PROVIDED MATERIAL
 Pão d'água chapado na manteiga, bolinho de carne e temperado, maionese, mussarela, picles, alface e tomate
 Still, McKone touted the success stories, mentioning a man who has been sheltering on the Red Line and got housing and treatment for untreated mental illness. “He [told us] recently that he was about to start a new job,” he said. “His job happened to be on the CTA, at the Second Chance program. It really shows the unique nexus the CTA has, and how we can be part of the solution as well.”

==

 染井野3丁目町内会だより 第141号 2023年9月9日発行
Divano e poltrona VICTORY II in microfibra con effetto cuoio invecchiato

...

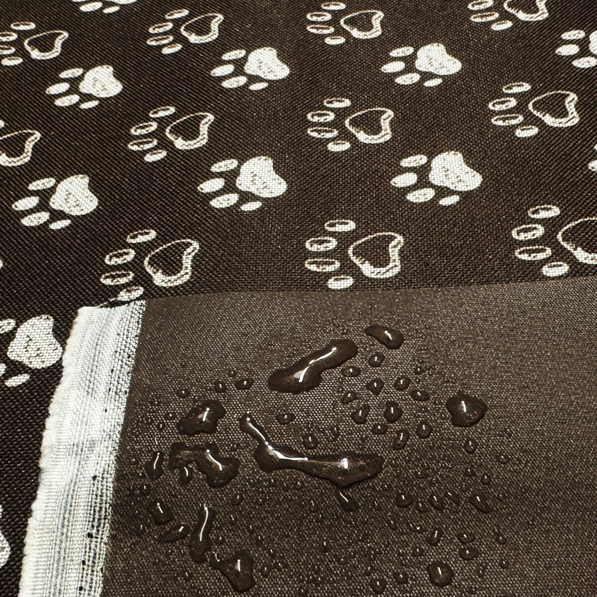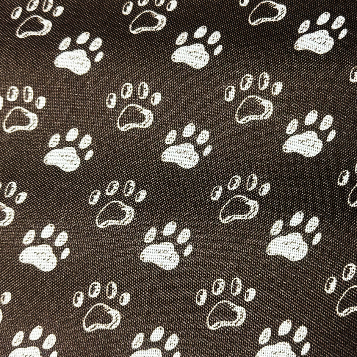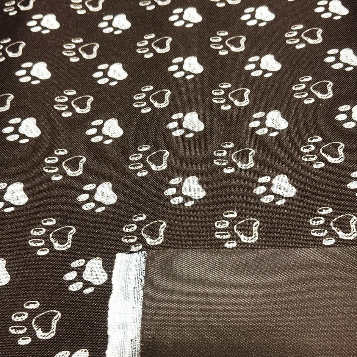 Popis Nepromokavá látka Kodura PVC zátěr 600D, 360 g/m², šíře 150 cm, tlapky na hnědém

TASK DESCRIPTION
All lines above from the line with "染井野3丁目町内会だより 第141号 2023年9月9日発行" through the line with "Divano e poltrona", both included, are to be set down exactly, with nothing else.

FINAL ANSWER
 染井野3丁目町内会だより 第141号 2023年9月9日発行
Divano e poltrona VICTORY II in microfibra con effetto cuoio invecchiato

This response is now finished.